Booster Lab: A Data-Centric Pipeline for Learning Deployable Humanoid Locomotion Policies
Pith reviewed 2026-06-29 04:31 UTC · model grok-4.3
The pith
A data-centric pipeline integrates motion curation, real-to-sim adaptation, AMP reinforcement learning, and sim-to-real deployment to yield locomotion policies that transfer to real humanoid robots.
A machine-rendered reading of the paper's core claim, the machinery that carries it, and where it could break.
Core claim
The central claim is that the integrated pipeline of motion data curation, real-to-sim model adaptation, AMP-based reinforcement learning, and sim-to-real deployment produces physically feasible and natural locomotion behaviors that transfer to real Booster T1 and K1 humanoid robots.
What carries the argument
data-centric training and deployment pipeline that sequences motion data curation, real-to-sim model adaptation, AMP-based reinforcement learning, and sim-to-real deployment
If this is right
- Locomotion policies become deployable on the Booster T1 without platform-specific post-training adjustments.
- The same sequence supports preliminary transfer to the Booster K1 across different robot morphologies.
- Curated and adapted data overcomes scarcity of robot-feasible motion examples for training.
- AMP-based learning produces behaviors that remain both task-effective and physically plausible after deployment.
Where Pith is reading between the lines
- If the curation and adaptation steps scale, the pipeline could support training for additional gaits such as turning or uneven terrain without redesigning the learning stage.

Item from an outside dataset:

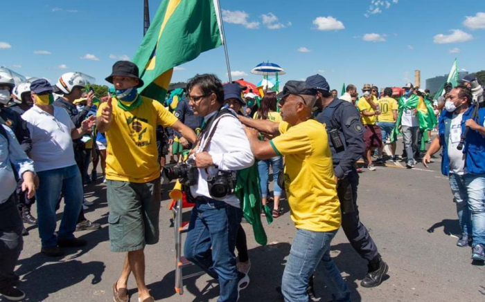 A meia dúzia de manifestantes aloprados que estiveram na carreata em frente ao Palácio do Planalto na capital federal, em Brasólia, ontem, agrediu com socos, murros e pontapés jornalistas do jornal Estadão. E, bem no Dia Mundial da Liberdade de Imprensa. Algo que tem que ser repudiado com veemência ...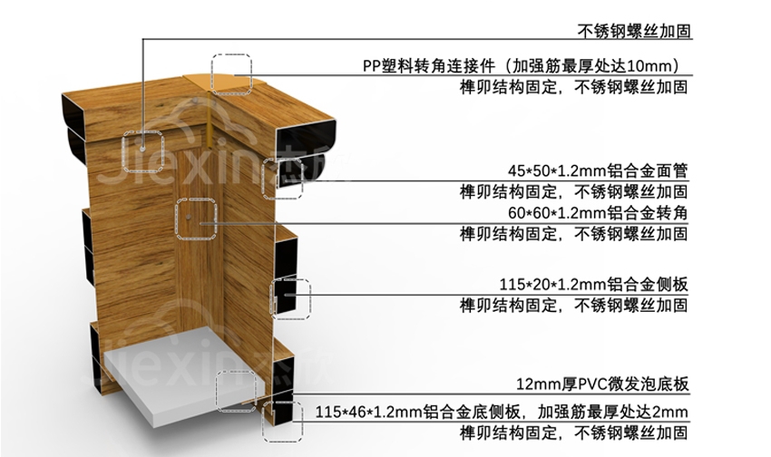二、觀察花箱結(jié)構(gòu)。我們注意哪里呢?注意面管、轉(zhuǎn)角、側(cè)板、立柱四個地方。主要觀察它們連接是否牢固。它們之間的連接方式以榫卯結(jié)構(gòu)和螺絲固定為主。需要注意卡槽是否緊密貼合,螺絲固定是否牢固。如果卡槽貼合緊密,螺絲固定牢固,那么花箱結(jié)構(gòu)就很穩(wěn)定。

- Standardizing the four-stage sequence might allow reuse of adapted motion priors across multiple humanoid platforms beyond the two tested here.
- The approach implies that data quality steps can substitute for some hardware-specific controller design in future deployments.
Load-bearing premise
Curated motion data combined with real-to-sim adaptation will produce policies that stay stable and natural after direct transfer to real hardware without extra tuning or safety layers.
What would settle it
Running the trained policy on the physical Booster T1 robot and observing repeated instability, falls, or gaits that deviate sharply from the simulated natural motion within the first 10-20 steps.
Figures
read the original abstract
Humanoid robot motion learning requires not only task-oriented control policies but also physically feasible and natural behaviors that can be transferred to real robots. However, robot-feasible motion data are often scarce: raw human demonstrations may be incompatible with the robot morphology, open-source clips vary in quality, and simulation-collected robot trajectories still require feasibility checking. To address these challenges, we propose a data-centric training and deployment pipeline that integrates motion data curation, real-to-sim model adaptation, AMP-based reinforcement learning, and sim-to-real deployment. We validate the framework on the Booster T1 robot and further provide preliminary cross-platform validation on Booster K1.
Editorial analysis
A structured set of objections, weighed in public.
Referee Report
Summary. The paper proposes Booster Lab, a data-centric pipeline integrating motion data curation, real-to-sim adaptation, AMP-based reinforcement learning, and sim-to-real deployment to produce physically feasible and natural humanoid locomotion policies that transfer to real robots. It claims validation on the Booster T1 platform with preliminary cross-platform results on the K1.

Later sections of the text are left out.